How to use Phenix on Galaxy:¶
- In the admin menu, go the ‘Manage installed tools’
- Find the ‘phephenix’ tool and click on it, not on it’s context menu.
- In the ‘Contents of this repository’ box at the bottom of the page, expand the workflows section using the little blue triange if necessary.
- Click on ‘Phenix workflow’ and behold an image representation of the workflow.
- Click on ‘Repository actions’ -> ‘Import workflow to Galaxy’
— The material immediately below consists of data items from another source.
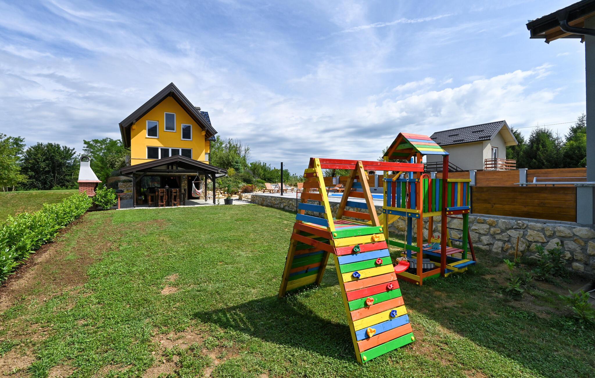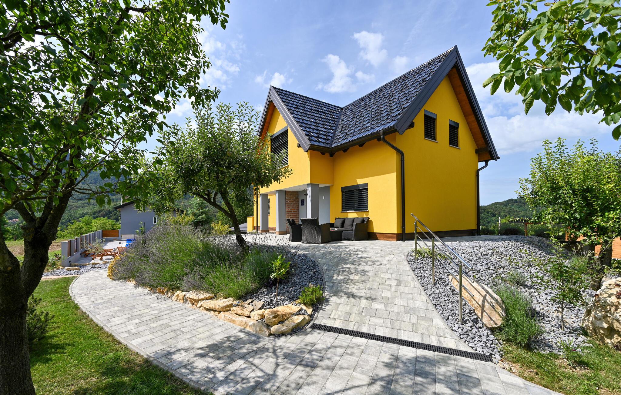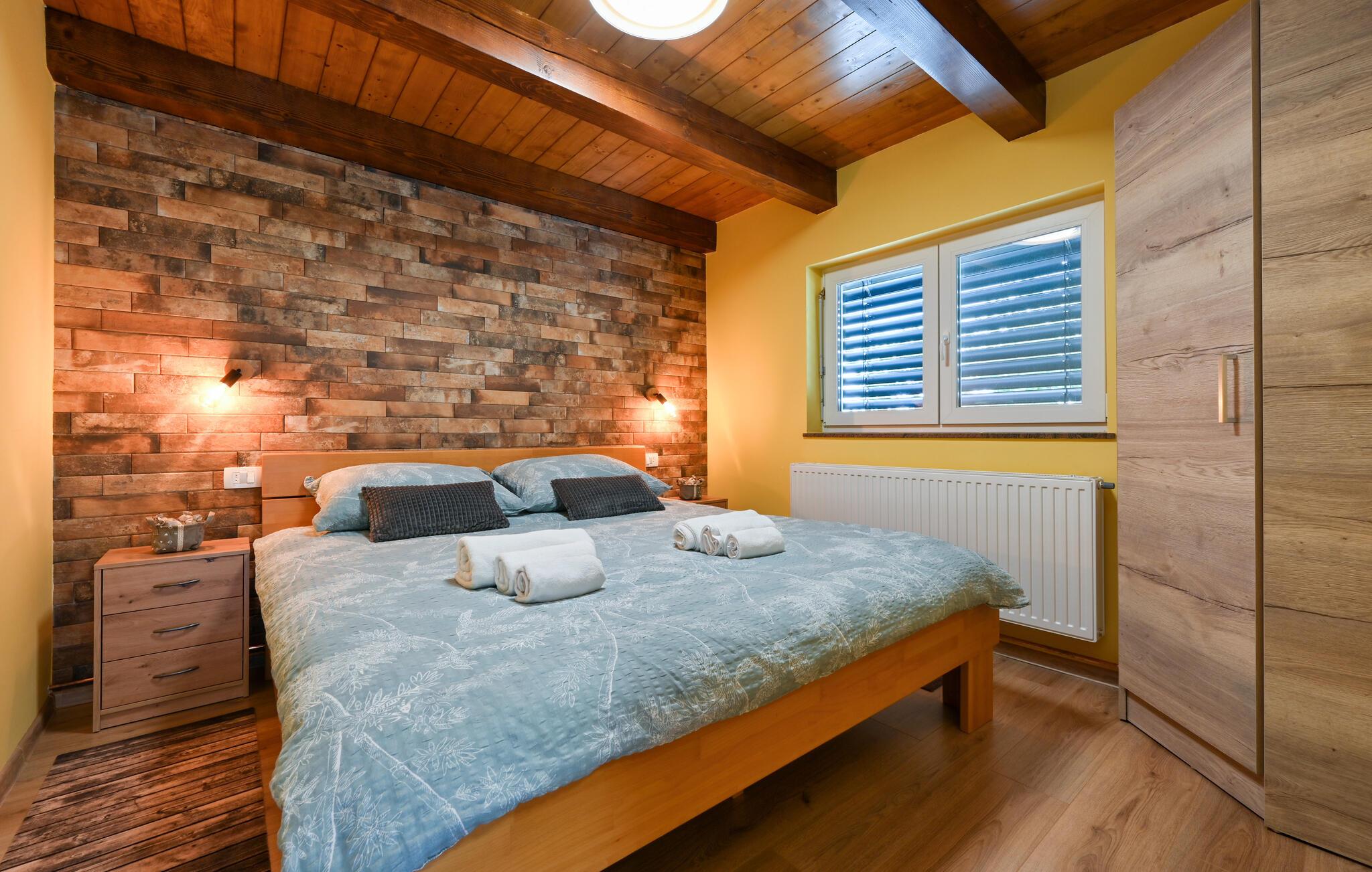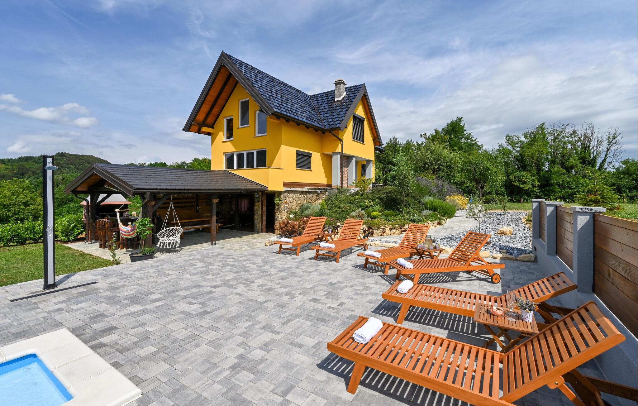 Feriehuset har plass til en stor familie. Det idylliske huset ligger i et fredelig og rolig område, og er det ideelle stedet for å flykte fra hverdagens stress og nyte naturen. Start dagen med en forfriskende dukkert i det oppvarmede bassenget, og planlegg deretter utflukter i nærområdet. Besøk det imponerende Trakoan-slottet, som imponerer med sin pittoreske beliggenhet og historiske sjarm. Det nærliggende museet for den berømte Lepoglavska-kniplingen gir deg et fascinerende innblikk i det tradisjonelle håndverket i regionen.
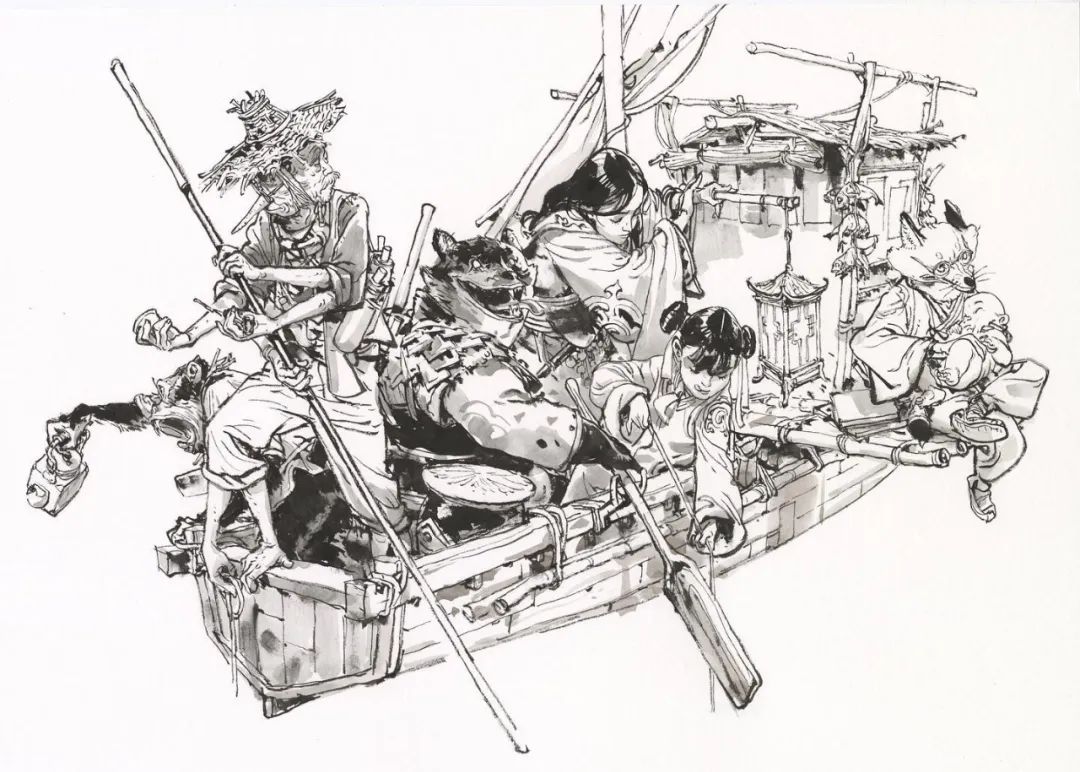 這一切都需要極高的審美和強大的基本功,人物位置、構(gòu)圖布局,他都能做到心中有數(shù),每個人物、物件的細(xì)節(jié)刻畫,則早已經(jīng)是刻在骨髓里的記憶,下筆猶如神助,行云流水。
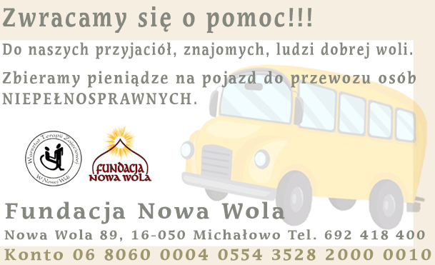 Zarząd Stowarzyszenia "Wierni Tradycji Pokoleń" w ramach akcji charytatywnej "Podajmy pomocną dłoń słabszym i chorym" zwraca się z serdeczną prośbą do wszystkich naszych członków, sympatyków, przyjaciół i ludzi dobrej woli o wsparcie działań podejmowanych przez Fundację Nowa Wola, która zbiera środki na zakup samochodu do przewozu osób niepełnosprawnych.

The Phenix workflow is now ready to use. You need to upload your data to a Galaxy history to use it. There are multiple options depending on your local Galaxy configuration. If you have followed the instructions above under ‘Get your own Galaxy’ the only available option is uploading from your local harddrive. When doing this, please make sure your fastq files are in the ‘fastqsanger’ format and your reference genome is in ‘fasta’ format. The basename of your R1 fastq files will be used as the name for the resulting bam and vcf files with appropriate file endings and will also appear as the sequence header in your resulting SNP alignment. Once your data is ready to use follow theses instructions to run the workflow.
Note
We have chosen reasonable defaults for filtering your VCF files for high-confidence SNPs (min_depth:5,mq_score:30,qual_score:30,dp4_ratio:0.9,mq0f_ratio:0.1). If you would like to change these settings please see the instructions below.
- Click on workflow in the top main menu and select ‘run’ from the ‘Phenix workflow’ context menu.
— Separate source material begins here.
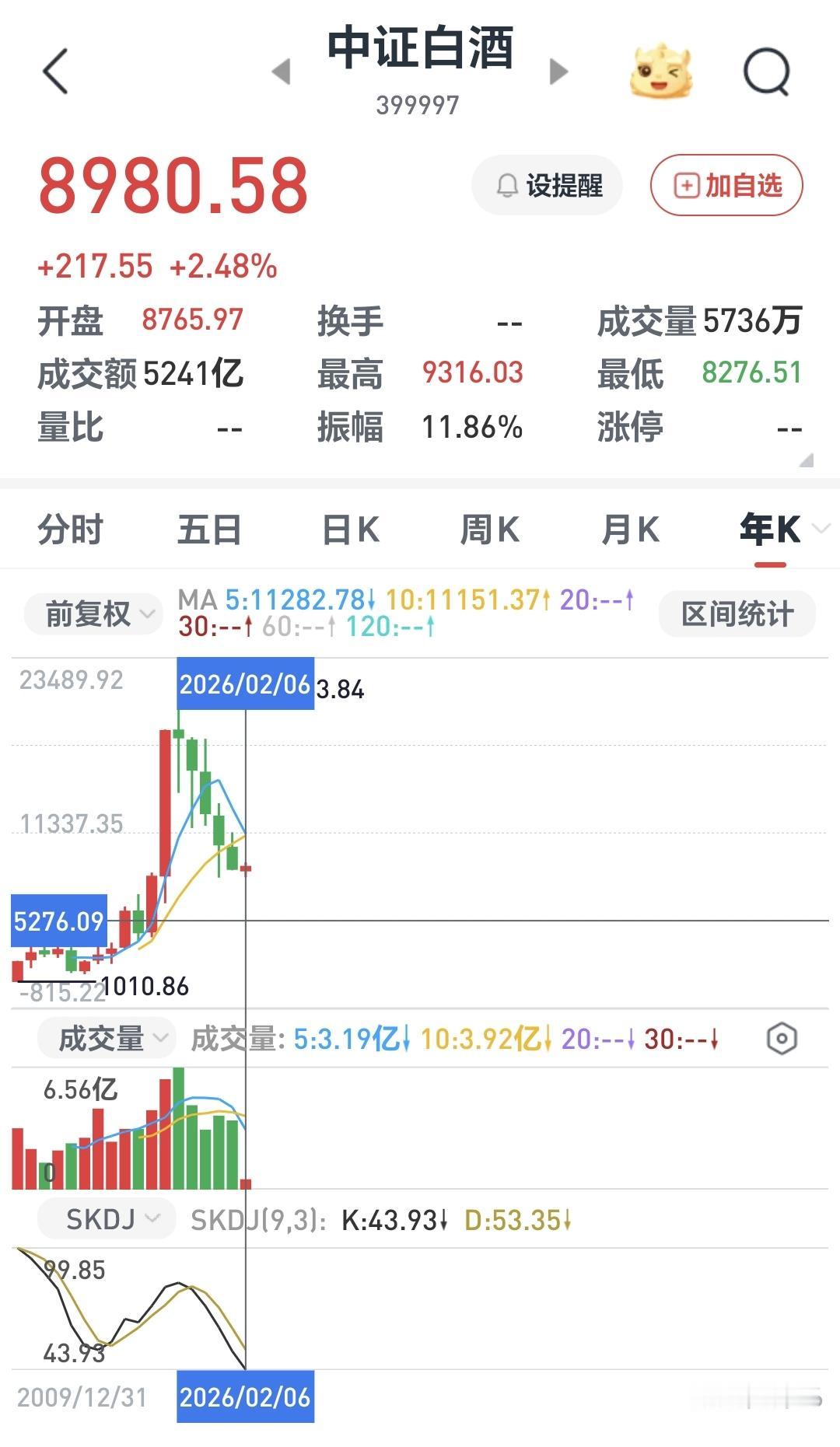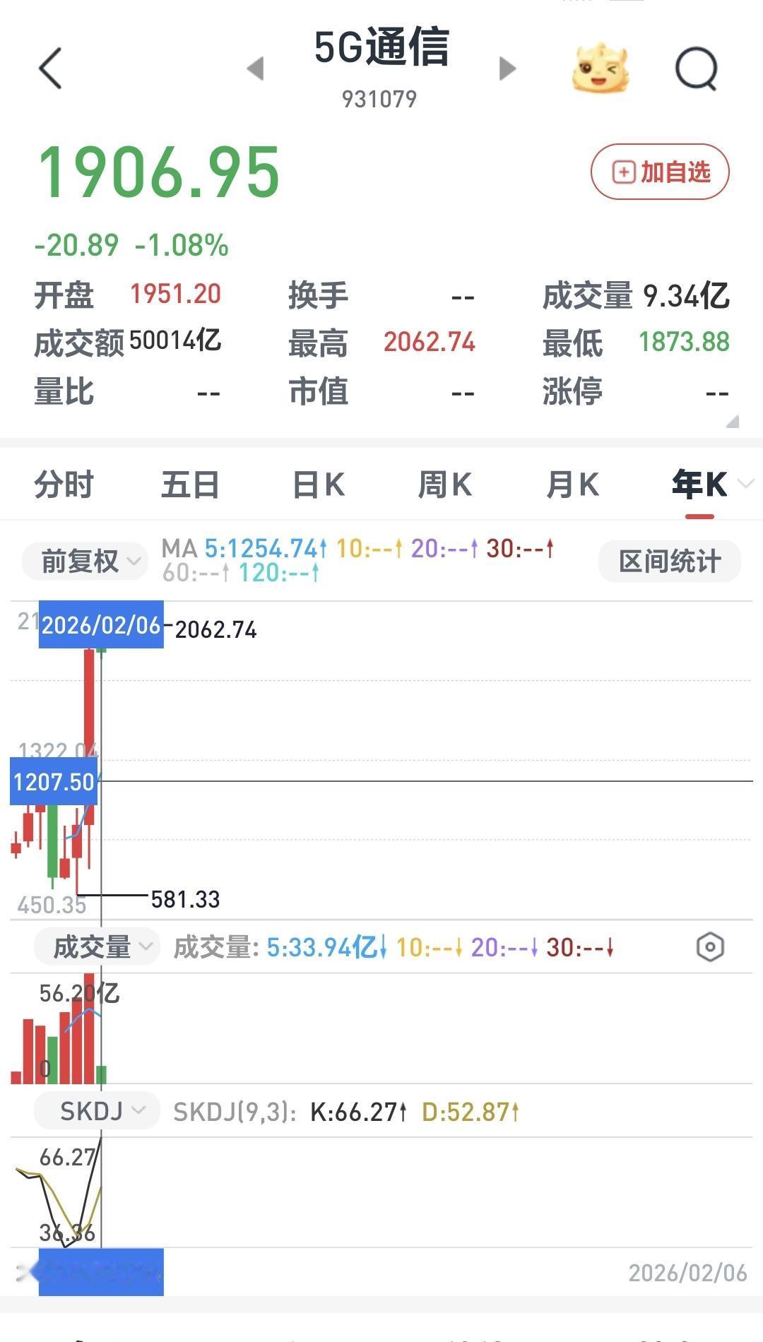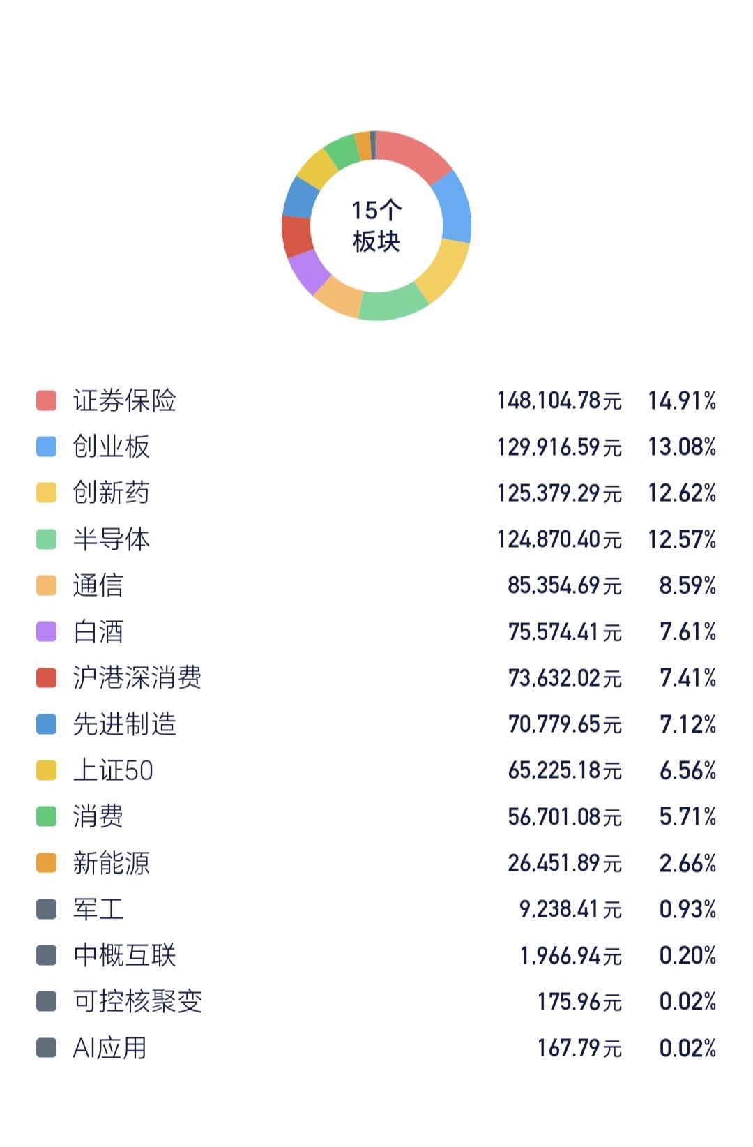 基金:星期一高开高走的可能性大不大 持有的基金收益14653元,收益率1.49%,跑输了上证指数2.43%的上涨幅度,今年以来,亏损的基民6%,盈利的基民94%,我的收益率只跑赢了24%的人。 这个数据与支某宝里面的数据不一样,这里的数据只是作为一个参考,我主要看支某宝里面的数据,我认为那里的数据会更准确一些,统计数据的不一样,是因为统计的基数不一样,这里许多人是模拟盘,造成了盈利人数比例的增加。 持有的15只基金中,今年以来盈利的有8只,盈利金额最大的三个板块是:芯片半导体板块,先进制造板块,沪港深消费,亏损金额最大的三个板块是:证券板块,创新药板块,5G板块,见下面的截图3和4。 持有的15只基金中,单只基金占比最高的三个板块是:证券板块,创业板指创新药板块,单只基金占比最低的三个板块是:AI应用板块可控核聚变板块,中概互联网板块,见下面的截图5。 白酒板块在连续下跌5年以后,今年以来是上涨的,到上周五为止上涨了2.48%,超过了上证指数2.43%的上涨幅度,见下面的截图6。 5G通信板块去年大涨,今年以来是下跌,下跌了1.08%,跑输了上证指数2.43%的上涨幅度,见下面的截图7。 看下面的截图8,这是5G通信板块周K线图,现在的位置处于这个上涨通道内,距离上涨通道的下轨线比较近,近期观察是跌破这个上涨通道的下轨线,还是在这里企稳反弹。 外围市场大涨,明天我们高开的可能性很大,高开以后主要观察成交量能不能放大,如果成交量能够有效放大,高开高走,或者是高开以后横盘震荡,都是有可能的,如果成交量不能有效跟进,冲高回落就是大概率事件,如果高开幅度够大,高开回落的可能性就会增加,我认为明天会大概率冲高回落,高开高走的可能性不大,因为,这是春节之前的最后一个交易周,许多资金都已经休息,或者是在观望,他们这个时候大幅度进场的可能性不大,没有资金大幅度进场,要想高开高走难度是非常大的。

- Select your reference genome in the ‘Reference fasta’ selection box.
- Click both “paper stack” icons next to ‘R1 fastqs’ and next to ‘R2 fastqs’.
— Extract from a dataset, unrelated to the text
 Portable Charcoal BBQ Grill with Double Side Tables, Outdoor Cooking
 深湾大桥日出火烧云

- Select all R1.fastq files in the “R1 fastqs” selection box that appeared. An easy way to do this is to type ‘R1’ into the text box immediately under the selection box. The selection box will automatically be filtered for fastq file names that match what has been typed into the text box.
- Do as above for the “R2 fastq” box.
Note
Make sure that the order of highlighted files in the R1 and R2 fastq selection boxes are corresponding, i.e. the first highlighted files in the top box will be run together with the first highlighted file in the bottom box, the second with the second and so on. Are the highlighted files in the same rank in both boxes always matching pairs from the same sample?
- If you are happy with the above, click ‘Run workflow’.
- Wait until three new history items per sample processed appear. These will be one bam file, one raw vcf, and one filtered vcf per sample.
- Click on PHE TOOLS in the tool panel on the left hand side and select the “VCFs to fasta” tool. This tool will create a multi-fasta file from your filtered vcfs.
- Select all files ending with filtered.vcf in the top file selection box under ‘Input VCF files(s)’, by holding down the Ctrl key.
- Click ‘Execute’. Once everything is completed the “VCFs to fasta” tool with have produced your SNP alignment that can now be used for further processing.
How to change the number of jobs running simultaneously?
Galaxy runs 5 jobs at the same time by default. This is appropriate for machines that have at least 5 GB of RAM and at least 5 processor cores. If you have more or less compute resources at your disposal you can change the number of concurrent jobs, if you rename the file config/job_conf.xml.sample_basic to config/job_conf.xml and change the “workers” setting in the file to the desired number. This requires a restart of Galaxy.
Advanced - Changing the Phenix vcf filtering settings:¶
- Click on workflow in the top main menu and select ‘edit’ from the ‘Phenix workflow’ context menu.
- Click on the ‘Filter VCF’ tool box to highlight it.
- The parameters for this tool can now be edited in the panel on the right hand side of the browser window.
- Use the little trash can in the top right corner of each individual filter to remove it.
- Use the button labelled ‘+ Insert SNP filter’ to add a new one.
- Use the drop-down menu to select a new filter type and the corresponding text box to set the threshold value.

The Galaxy workflow editor.
Warning
Not all filters are suitable for all variant callers. Please refer to the table under Filters.